Waterhindernissen en andere spelbrekers
Voor beginnende spelers is de zorg voor de baan en de veiligheid belangrijker dan spelregelkennis. Speel je met een ervaren golfer, dan zal hij of zij je wellicht helpen wanneer je bal bijvoorbeeld in het water belandt. Maar als je leergierig bent, richt je dan op de regels 23 t/m 28 uit ‘de Golfregels’. Dan weet je de
basis van de spelregels en wordt golfen leuker.
Bij de green; next tee
Wanneer je het laatste stuk naar de green gaat, let dan op een bordje met ‘next tee’. Dit bordje wijst je de weg naar de volgende hole, en het is de bedoeling dat je je golfkar alvast in die richting parkeert. Voor en rond de green loopt namelijk de foregreen en deze is kwetsbaar, net als de green. Vaak wordt er streep getrokken op de grens van fairway en foregreen. Maar ook zonder deze streep mag je met een golfkar niet over de foregreen. Bepaal welke stokken je – naast je putter – nodig hebt om de hole uit de spelen en neem deze mee als je je golfkar achterlaat. Controleer of je je pitchfork bij je hebt. Een draagtas mag je meenemen naar de green, maar leg deze buiten de green neer.
Op de green
Wanneer je de bal op de green hebt gespeeld controleer je bij het betreden van de green of je bal een pitchmark heeft gemaakt. Een pitchmark is een deuk in het gras van de green, die kan ontstaan bij de landing van de bal. Je repareert deze - en eventueel nog een tweede pitchmark die door voorgangers over het hoofd is gezien – zoals je dit is geleerd bij je golflessen. Ondertussen kijk je hoe je lijn naar de hole is en waar de ballen van je flightgenoten liggen. De bal die het verst van de hole is verwijderd moet als eerste worden gespeeld. Als jij niet aan de beurt bent, merk je je bal met een muntje of iets van dien aard en neem je de bal op. Door deze zogenaamde marker kun je de bal op precies dezelfde plaats terugleggen wanneer jij moet spelen. Je pakt de marker dan weer op.

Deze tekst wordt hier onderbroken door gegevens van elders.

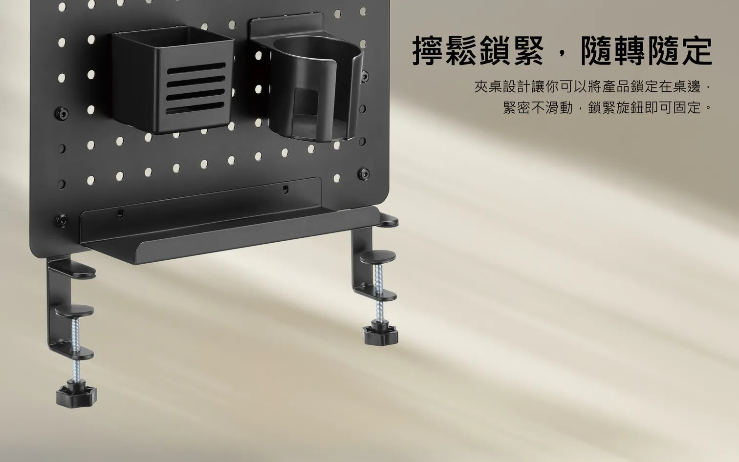 • 節省空間的夾式底座設計,加大了安裝的自由與彈性

Vlag uit de hole of vlag bewaken
Als alle ballen niet te ver van de hole liggen, kan de vlag eruit. Trek de stok rustig uit de cup, zonder te forceren. Leg hem vervolgens voorzichtig neer, op een plek waar hij voor geen enkele speler bij het putten in de weg ligt. De beste plek is buiten de green. Als een of meer spelers niet voldoende zicht op de hole hebben, blijft de vlag in de cup en wordt ‘bewaakt’. Dit gebeurt bij voorkeur door de speler wiens bal/marker het dichtst bij de hole ligt. De bewaker pakt de vlaggenstok op armlengte vast, voelt of de stok niet klem zit en zorgt dat zijn eigen schaduw niet over de speellijn, de puttinglijn valt. Zodra de speler zijn slag heeft gedaan trekt de bewaker de vlag omhoog, zodat de bal de vlaggenstok niet raakt. De bewaker zorgt er tevens voor dat hij of zij zelf niet door de bal wordt geraakt.
In de hole
Als alle spelers van de flight de bal in de hole hebben gespeeld, gaat de vlaggenstok onmiddellijk terug in de cup. De flight achter je wil ook graag de positie van de vlag op de green weten. Zet de vlag zorgvuldig terug in de hole, zonder de holeranden te beschadigen. Verlaat de green spoorslags, verzamel tassen en karren en vertrek naar de volgende afslag, waar je ook je score noteert. Op die manier maak je de green snel vrij voor de volgende flight.
Tot slot
Een ronde van negen holes is een hele klus en neemt enkele uren. Bij het verlaten van de laatste green wil je zo snel mogelijk zitten, je dorst lessen en wat eten. Maar eerst bedank je de flightgenoten of begeleider voor het meespelen of de begeleiding; in ieder geval met een stevige handdruk. En vergeet niet in het clubhuis of op het terras je gezelschap een consumptie aan te bieden.